**TASK BRIEF**
Your answer must be the lines of the material below, exactly as written, from its first line through the line with "根据学校关于开展2025年度", and no pictures.

**MATERIAL SHOWN**
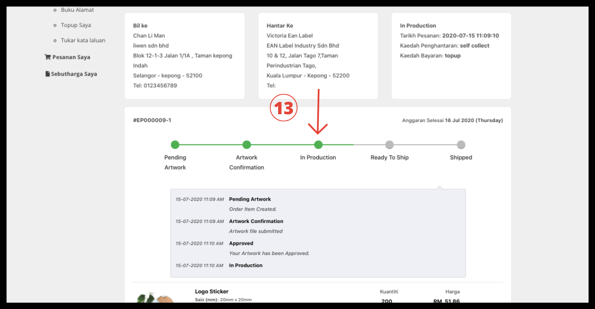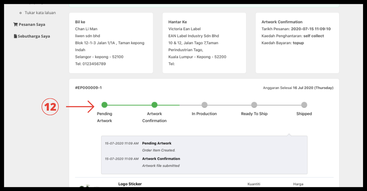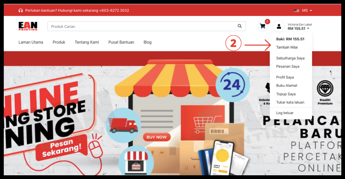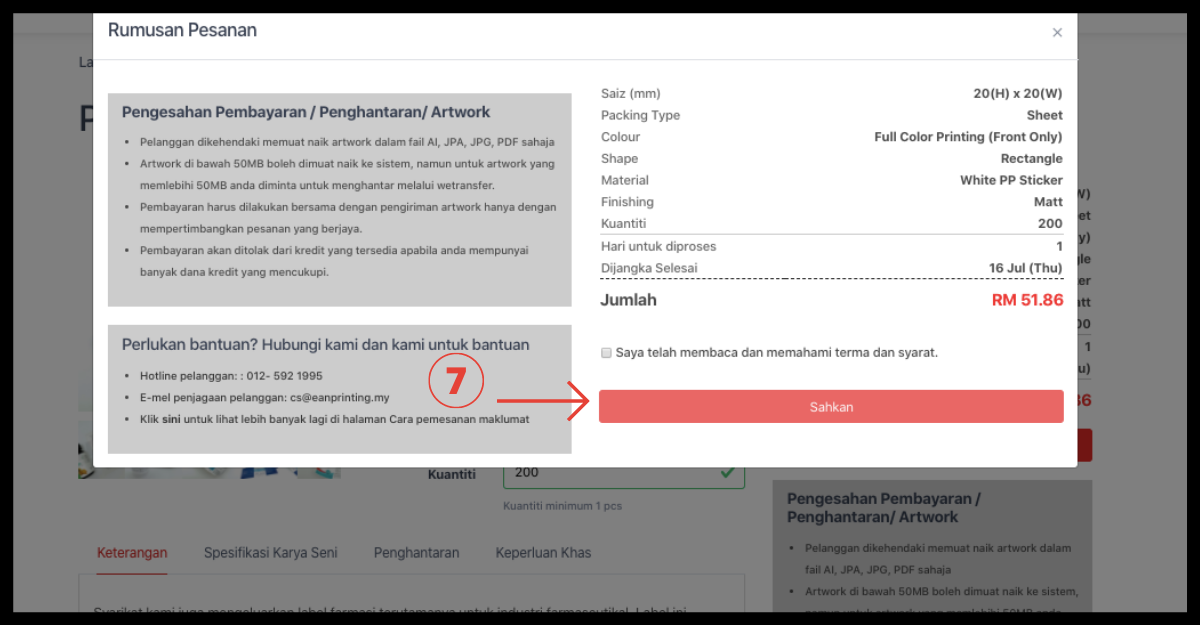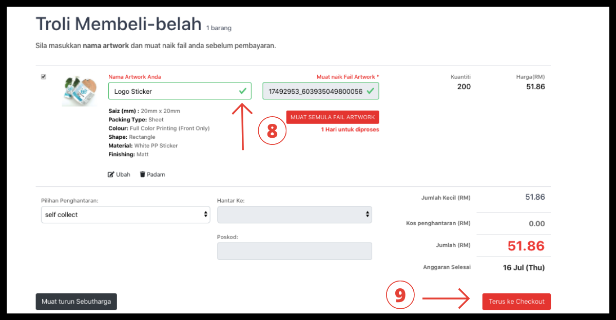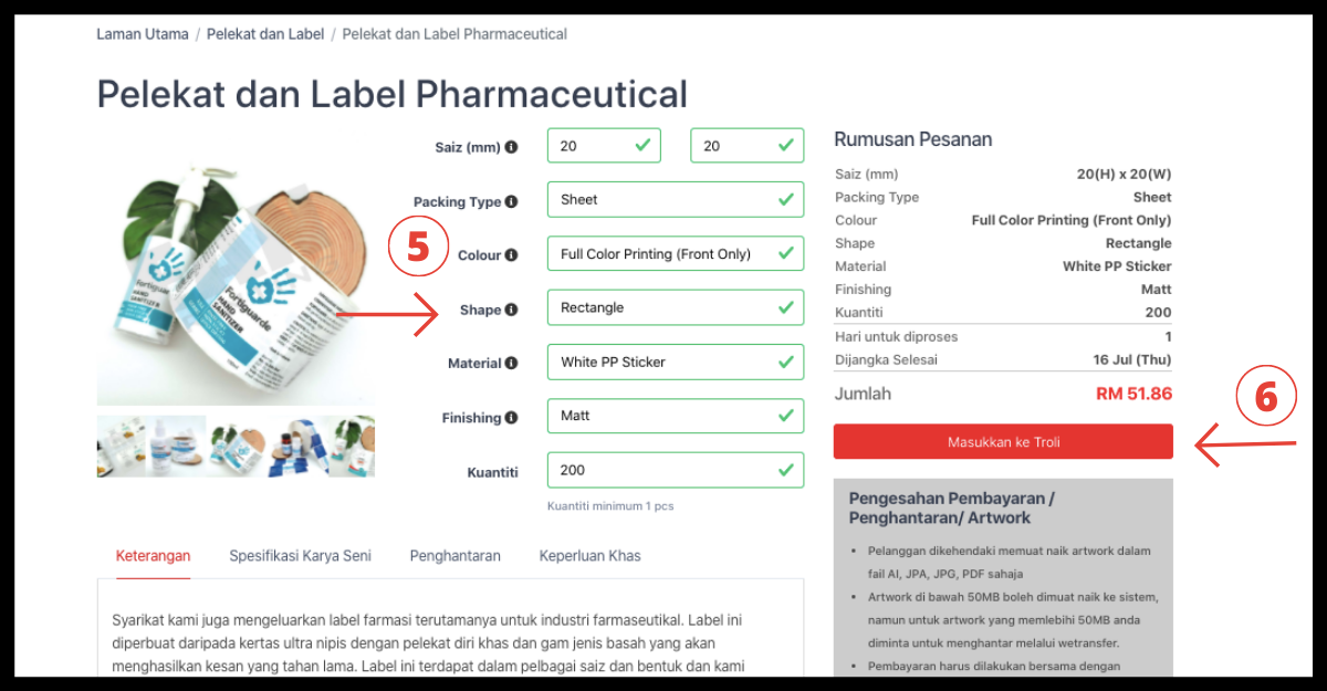 Langkah 5: Apabila selesai dengan pembayaran. Anda sekarang boleh membuat pesanan anda! Pergi ke produk dan isikan size(mm), packaging type, colour, shape, material, finishing dan quantity. Ringkasan Pesanan Segera akan ditunjukkan kemudian klik "tambah ke troli".
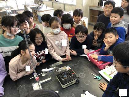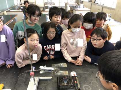 最後は、コの字の金属板をみんなでいっしょに前で観察しながら実験しました。
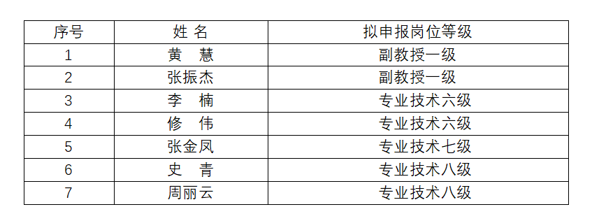 根据学校关于开展2025年度岗位晋升聘任和职员职级晋升工作的通知的要求,将黄慧等7人申请岗位聘任材料进行公示。
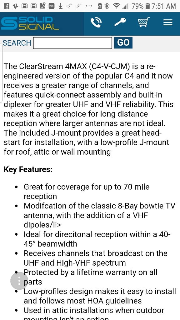 Thanks for the quick reply, it's well appreciated. No wind testing, surprising. They do appear to be very weather proof though and somewhat aero dynamic, especially with the reflectors removed (as designed). So, here's where I saw they have been "re-engineered", according to Solid Signal's marketing Dept. of course: http://forum.tvfool.com/attachment.p...1&d=1553863874 Attachment 3336 http://forum.tvfool.com/attachment.p...1&d=1553864120 Attachment 3337 I've seriously entertained the idea of getting two. While reading reviews o Amazon, I did see where some complained about the VHF capabilities (over 35 miles). If one was so inclined, could two of these be combined to one input? |
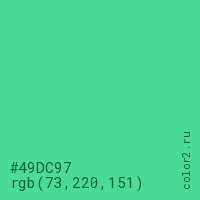Цвет #49DC97 в цветовой модели RGB обозначается тремя октетами (73, 220, 151) в десятичном формате и #49DC97 в шестнадцатиричном (hex) формате, которые являются интенсивностью красного 73 (hex 49), интенсивность зелёного 220 (hex DC) и интенсивность синего 151 (hex 97).
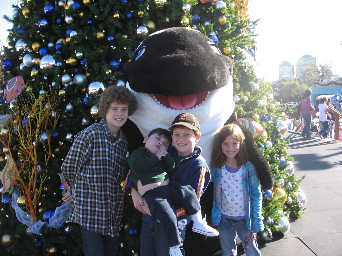 Shortly after Rudy’s heart cath, when it was determined we would not be heading into heart surgery, we decided a family trip was in order! It just so happened that Max and Olivia won tickets to Sea World for the whole family at the Heart Walk and a school fundraiser so we were already primed and eager for a visit to San Diego. We were blessed to spend Thanksgiving day with dear old friends from my years in San Diego who also happen to be Rudy’s godparents and then we spent the day at Sea World on Friday – a really fun way to usher in the holiday season. It was a huge effort for such a quick trip but it was refreshing and restorative on many levels.

**ANSWER FOR THIS EXERCISE**
 Langkah 5: Apabila selesai dengan pembayaran. Anda sekarang boleh membuat pesanan anda! Pergi ke produk dan isikan size(mm), packaging type, colour, shape, material, finishing dan quantity. Ringkasan Pesanan Segera akan ditunjukkan kemudian klik "tambah ke troli".
 最後は、コの字の金属板をみんなでいっしょに前で観察しながら実験しました。
 根据学校关于开展2025年度岗位晋升聘任和职员职级晋升工作的通知的要求,将黄慧等7人申请岗位聘任材料进行公示。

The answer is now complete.